Umm... you don't have to dodge them all.. just the ones in your way....


----------



## camaraderie (May 22, 2002)

Jeff...you are right about the taste...but I found that I can buy MAINE lobsters in NY grocery stores cheaper than in Maine!! Now if you can throw a few bills at a lobster boat guy...that is a fresh and tasty BARGAIN! 

Dawg...right...so we're back to a billion eh?


----------



## sailingdog (Mar 19, 2006)

Cam-

I steer around the largest concentrations... so I only have to dodge a million.  But, I can understand that at your age... seeing the buoys can be tough.


----------



## JeffreySiegel (Jun 8, 2007)

Nah...we let the mediocre ones out of the state. There's a difference.

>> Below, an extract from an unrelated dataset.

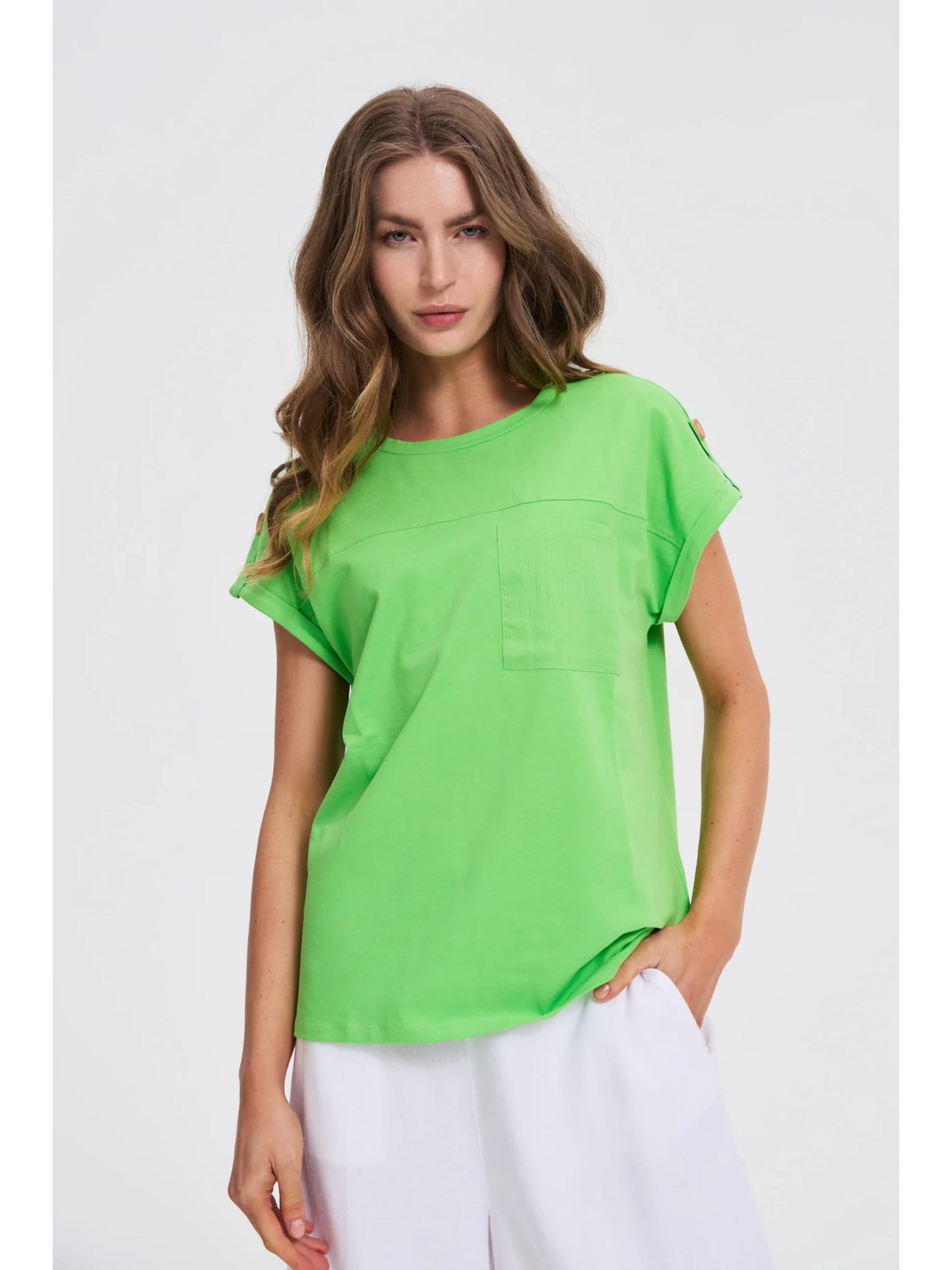 Ženski top z žepom Moodo – olivna zelena

I challenge anyone to pull into Lunt Harbor on Frenchboro Island, grab a mooring, eat a lobster at the local lobster pool and tell me that it's just as good anywhere else.

Also, it's a lot less expensive here - not counting the couple you can easily bum off a lobsterman. I just returned to Maine from Florida on my boat and saw the lobster prices all along the coast. It was pretty shocking...


----------



## camaraderie (May 22, 2002)

Gawd Jeff...you almost make we want to make the trip again!! I think I'll wait till I get the RV though!! (G)


----------



## TSOJOURNER (Dec 16, 1999)

JeffreySiegel said:


> Nah...we let the mediocre ones out of the state. There's a difference.
> 
> I challenge anyone to pull into Lunt Harbor on Frenchboro Island, grab a mooring, eat a lobster at the local lobster pool and tell me that it's just as good anywhere else.
> 
> Also, it's a lot less expensive here - not counting the couple you can easily bum off a lobsterman. I just returned to Maine from Florida on my boat and saw the lobster prices all along the coast. It was pretty shocking...


Frenchboro, Long Island was one of my most memorable stops. I anchored in the cove on the NE side and walked over through the woods to Frenchboro where I ate one of those lobsters. The best.

Paul


----------



## nolatom (Jun 29, 2005)

camaraderie said:


> *watch out for lobster pot buoys... there are a billion of them to dodge. *
> 
> Dawg..you keep getting your facts wrong....ther are actually a TRILLION pots!! (G)


Look on the bright side..you won't need a dinghy. You can walk ashore on snowshoes... ;-)

That's what we used to say about Cape Porpoise.


----------